Only the lines from the beginning of the listing below through the line with "Universele Koelvloeistofdruktester Set, 14-delige" belong in the answer; please print them exactly and drop the pictures.
□ □ □ □
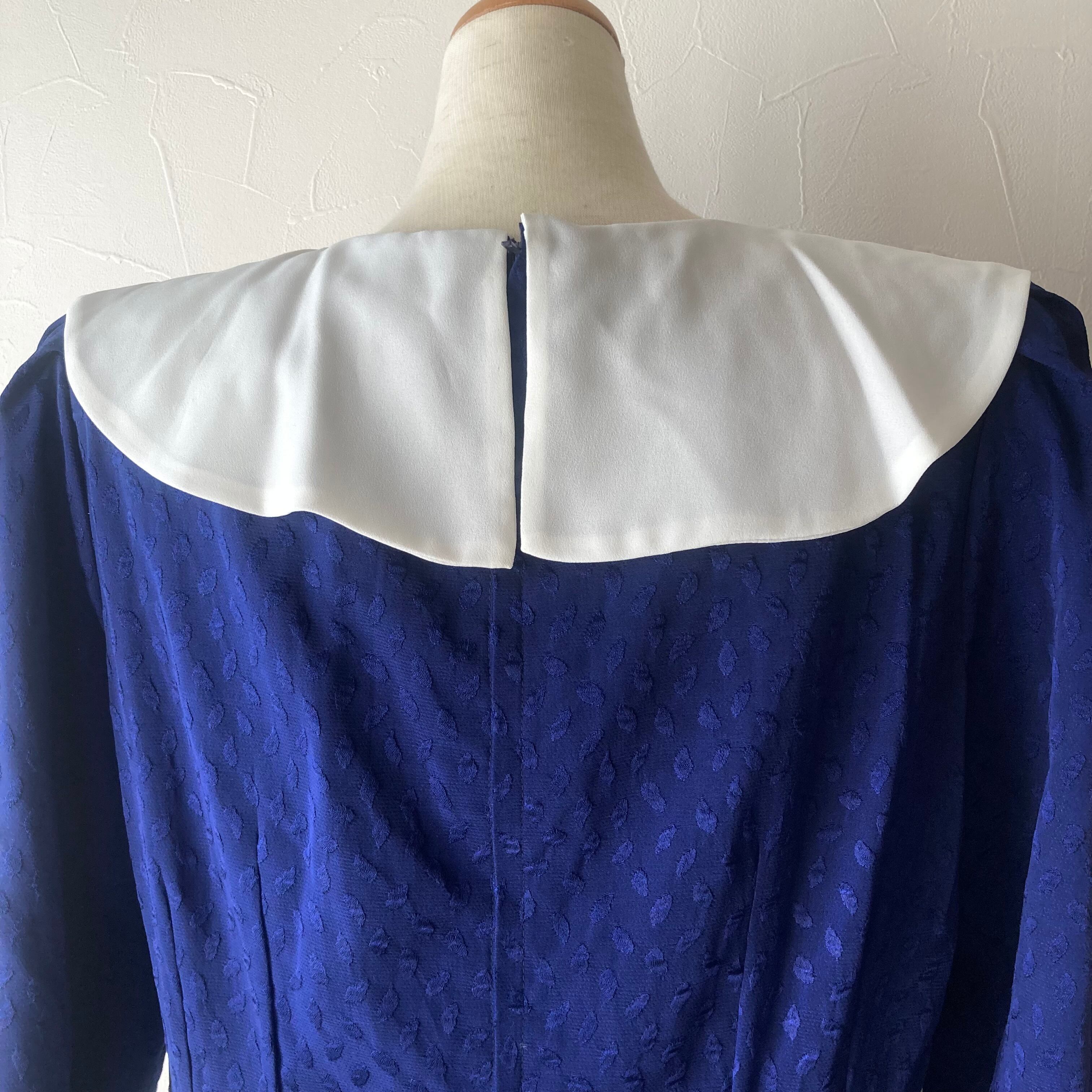 ホワイト襟ネイビーワンピース 古着 used vintage レトロ
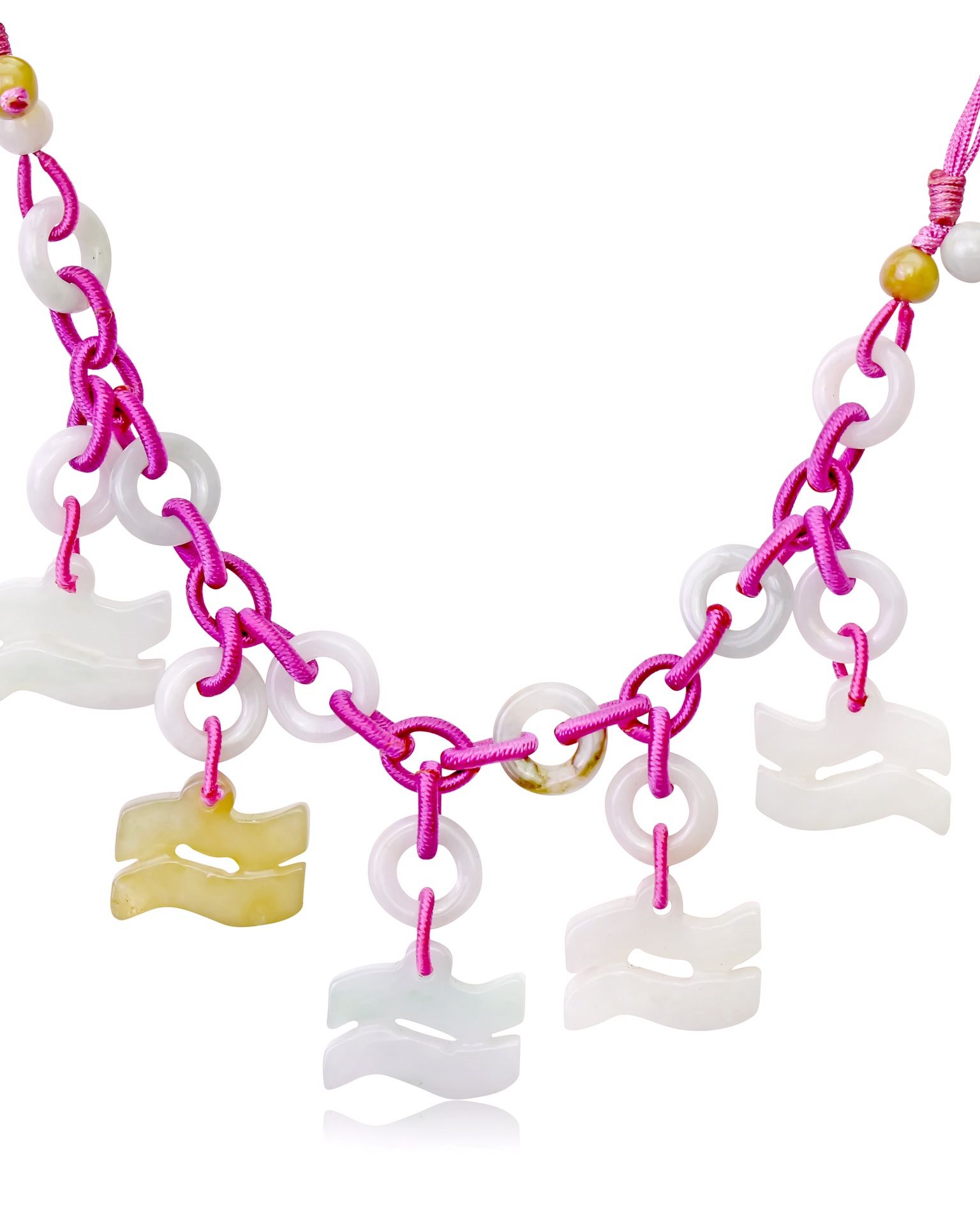 Show your pride in being an Aquarius with this Aquarius ZODIAC SIGN JADE PENDANT NECKLACE. This necklace features five Aquarius symbols hand carved out of high quality jade, strung up on a pink necklace cord using white beads and small chain link style pieces. It adjusts to the perfect length for you.
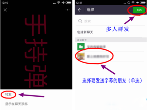 点击“发送”(您的朋友点击之后就会看到有意思的字幕显示)。
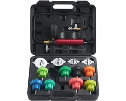 Universele Koelvloeistofdruktester Set, 14-delige Koelvloeistofdruktester met Handpomp en Kleuraangeduide Stalen Dopadapters, Voor Koelsystemen van Auto's, Motoren en Vrachtwagens
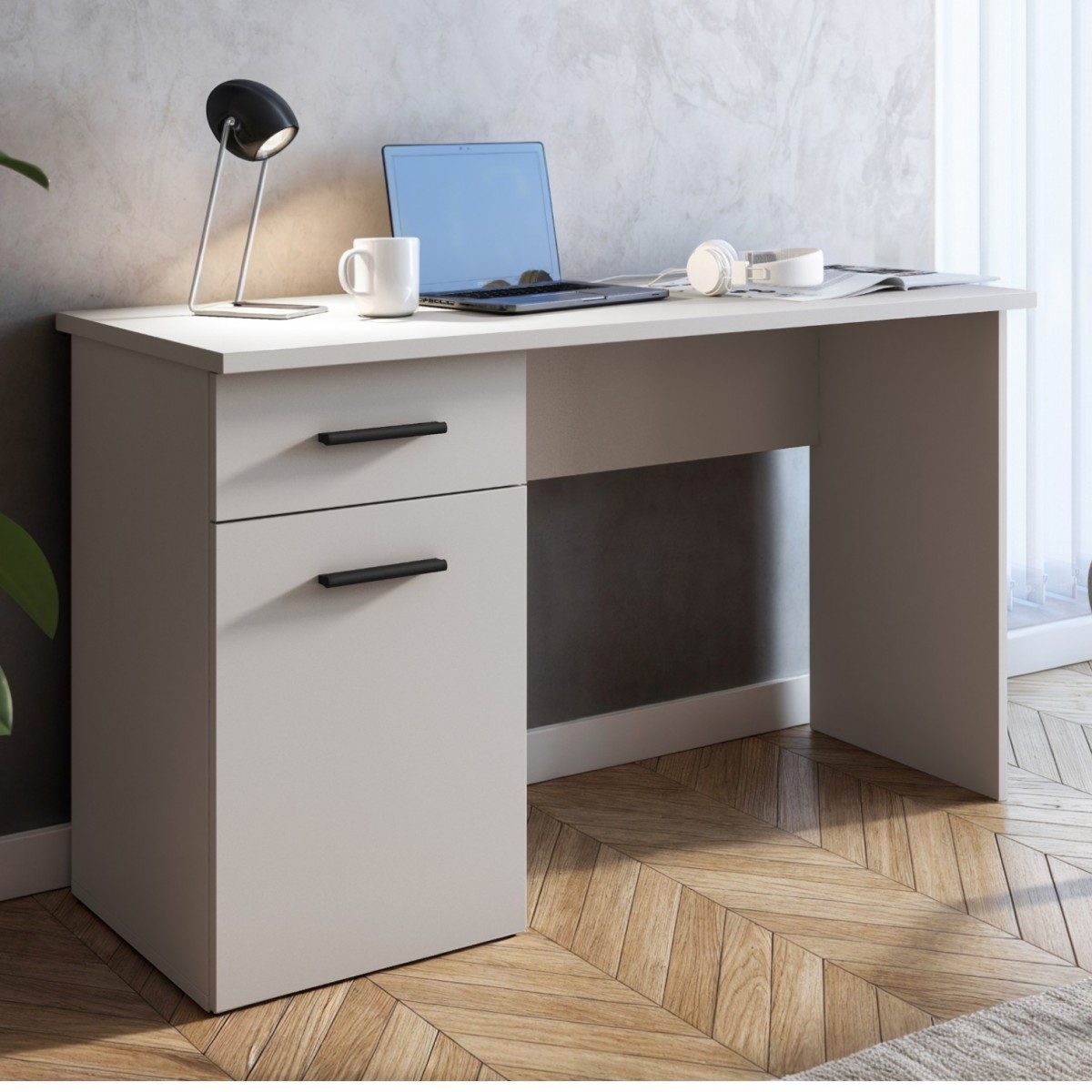 Visualmente, la mesa destaca por su superficie de melamina de alta calidad, que proporciona un acabado suave y duradero. Las esquinas redondeadas y el tirador negro en los cajones añaden un toque de sofisticación, creando un contraste elegante con el color beige. Además, su diseño abierto en la parte inferior permite una ventilación adecuada, manteniendo el área de trabajo ordenada y libre de desorden. La mesa está equipada con dos cajones, perfectos para almacenar tus útiles de oficina y mantener todo al alcance de la mano.
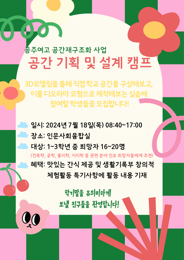 우리 학교는 구 그린스마트, 현 공간 재구조화 사업을 추진중이다. 그중 올해 계획했던 활동 한가지는 학생...
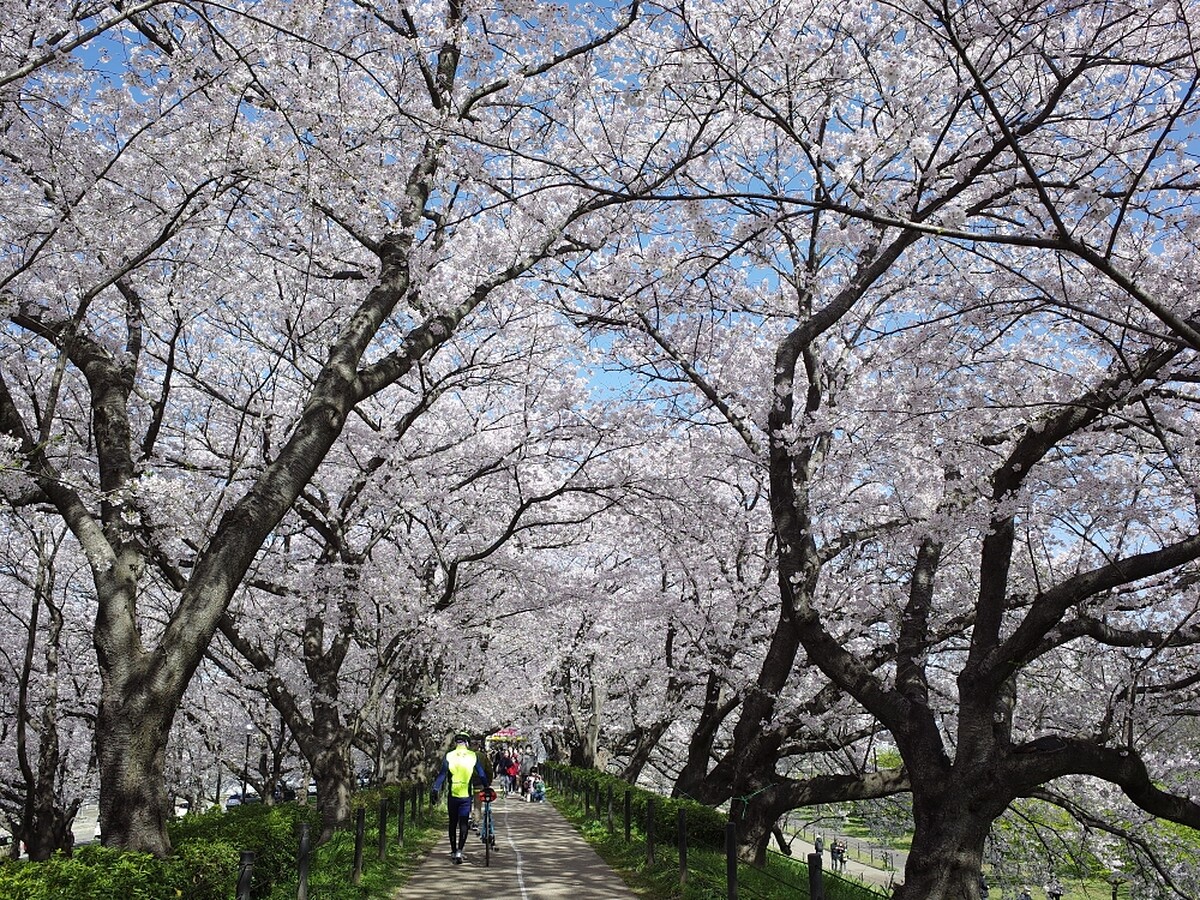 位於埼玉縣幸手市的縣營權現堂公園是廣為人知的櫻花名勝,公園內,中川沿岸的河堤上種滿滿了約1000棵的染井吉野櫻,並綿延1公里之長。據說明治天皇在1876年巡視東北時曾到此停留,因此也被稱為「行幸堤」。在櫻花盛開的春天,這裡形成了粉紅櫻花隧道,置身其中讓人感受被櫻花包圍的幸福感。
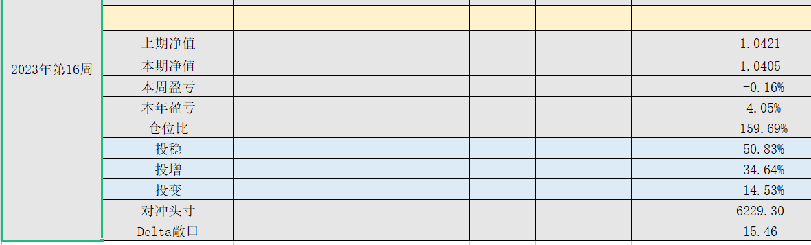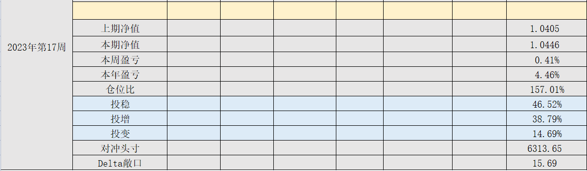 2023年第17周,净值:1.0446,本周盈亏:0.41%,本年盈亏:4.46%,仓位:157%
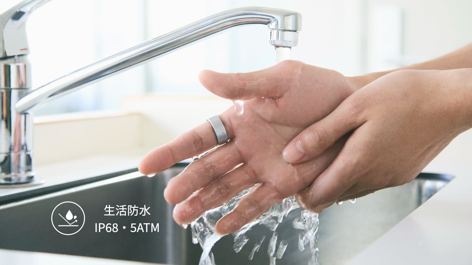 水回りの使用にも耐えられる生活防水仕様のため、手洗いやシャワー時も外す必要がなく、24時間装着可能。 汗や雨などの日常的な水濡れも気にせず使えます。
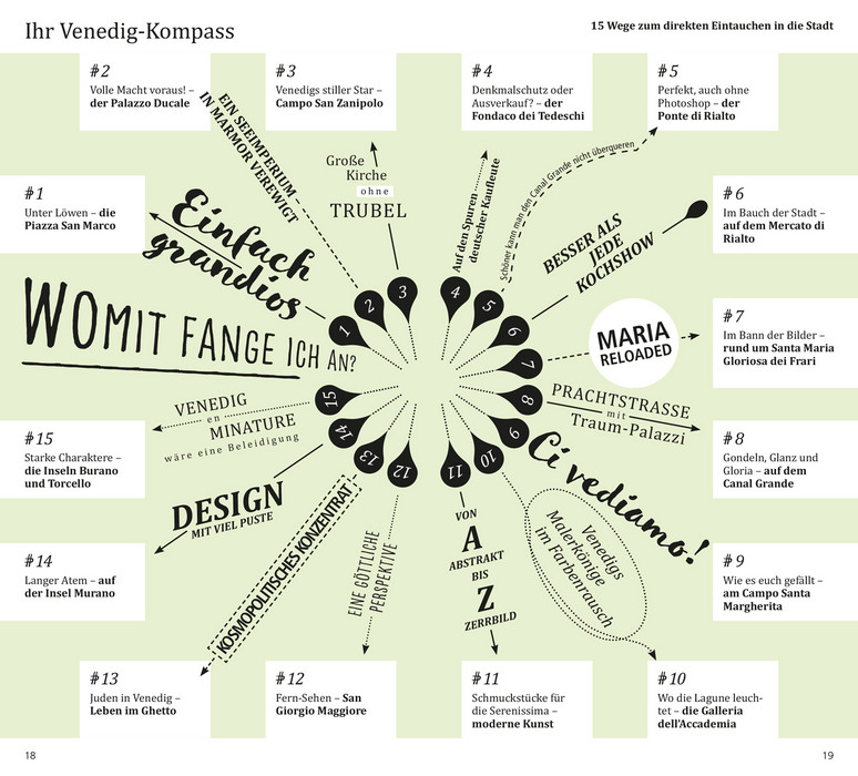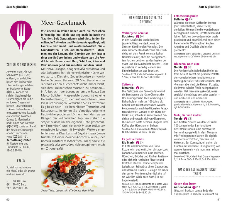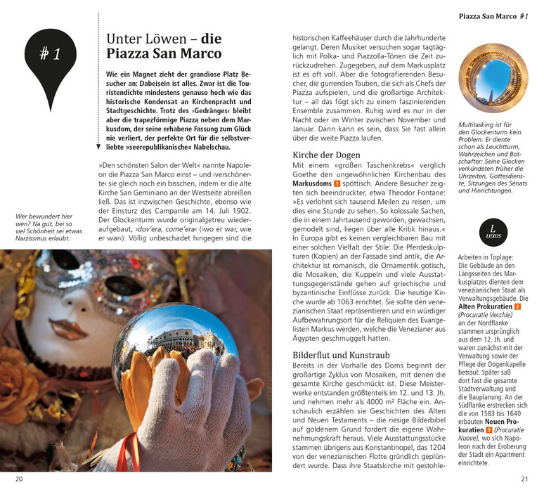 In ihrer auf dem Wasser gebauten Lagunenstadt leben die Venezianer inmitten von moderner Kunst, prunkvollen Palazzi und Kirchenpracht, vollkommener Eleganz und allgegenwärtigem Zerfall, Schönheit und Vergänglichkeit. Mit den 15 »Direkt-Kapiteln« des Reiseführers von Gabriella Vitiello und Frank Helbert können Sie sich zwanglos unter die Venezianer mischen, direkt in das Stadtleben eintauchen und die Highlights und Hotspots kennenlernen: Canal Grande und Rialto-Brücke, Piazza San Marco, Dom und Dogenpalast, das ehemalige Ghetto, die Inseln der Lagune oder spannende Museen. In eigenen Kapiteln erfahren Sie, wo es sich in fremden Betten gut schläft, wo Sie glücklich satt werden, wohin die Venezianer zum Stöbern und Entdecken gehen und wohin es sie zieht, wenn die Nacht beginnt. Mit den Übersichtskarten, genauen Stadtteilplänen und dem separaten großen Cityplan können Sie sich nach Lust und Laune durch die Stadt treiben lassen.
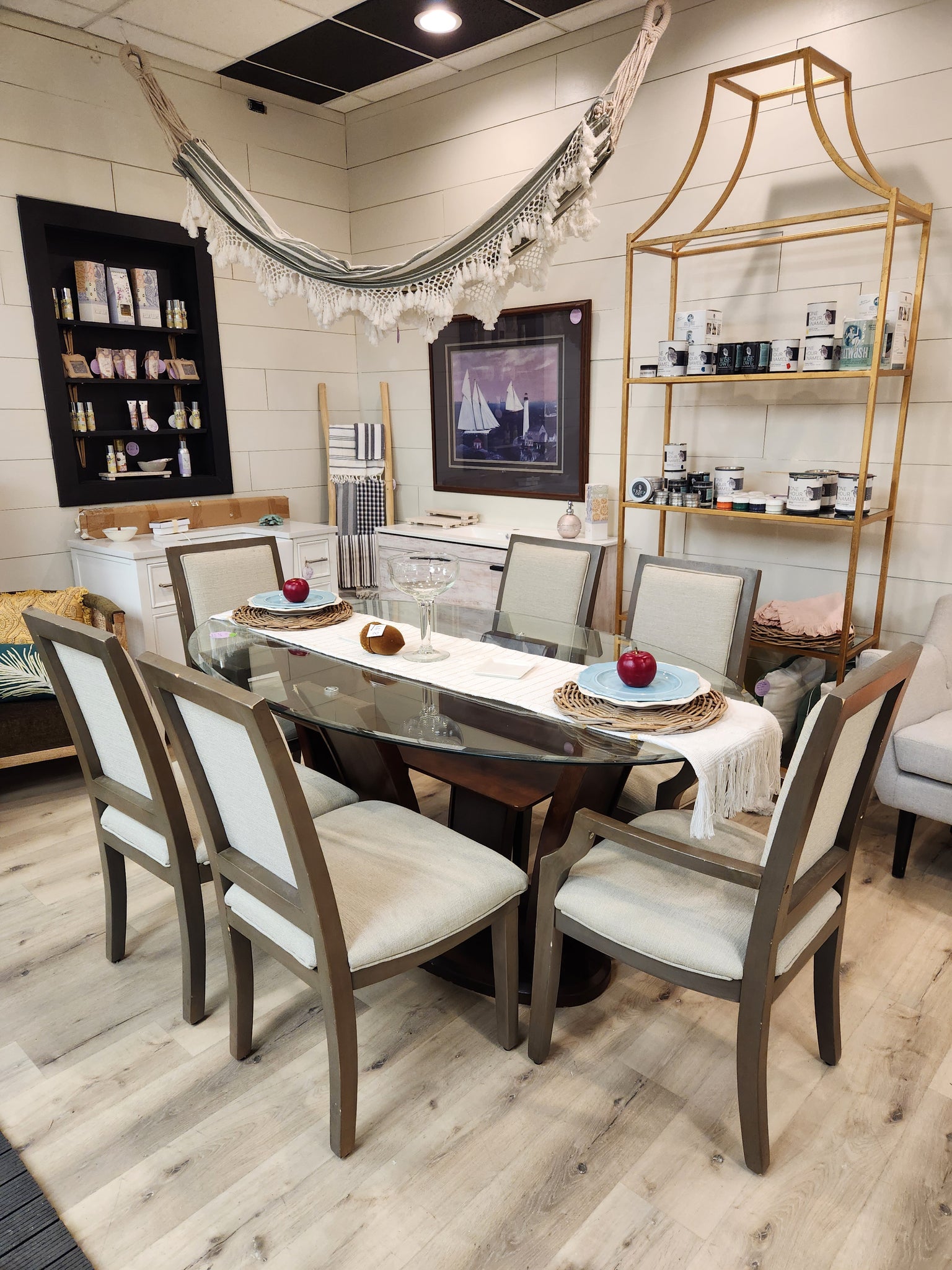 CLEARANCE Manhattan Wooden Oval Glass Top Dining Table
□ □ □ □
## RESULT FOR THIS TASK
 ホワイト襟ネイビーワンピース 古着 used vintage レトロ
 Show your pride in being an Aquarius with this Aquarius ZODIAC SIGN JADE PENDANT NECKLACE. This necklace features five Aquarius symbols hand carved out of high quality jade, strung up on a pink necklace cord using white beads and small chain link style pieces. It adjusts to the perfect length for you.
 点击“发送”(您的朋友点击之后就会看到有意思的字幕显示)。
 Universele Koelvloeistofdruktester Set, 14-delige Koelvloeistofdruktester met Handpomp en Kleuraangeduide Stalen Dopadapters, Voor Koelsystemen van Auto's, Motoren en Vrachtwagens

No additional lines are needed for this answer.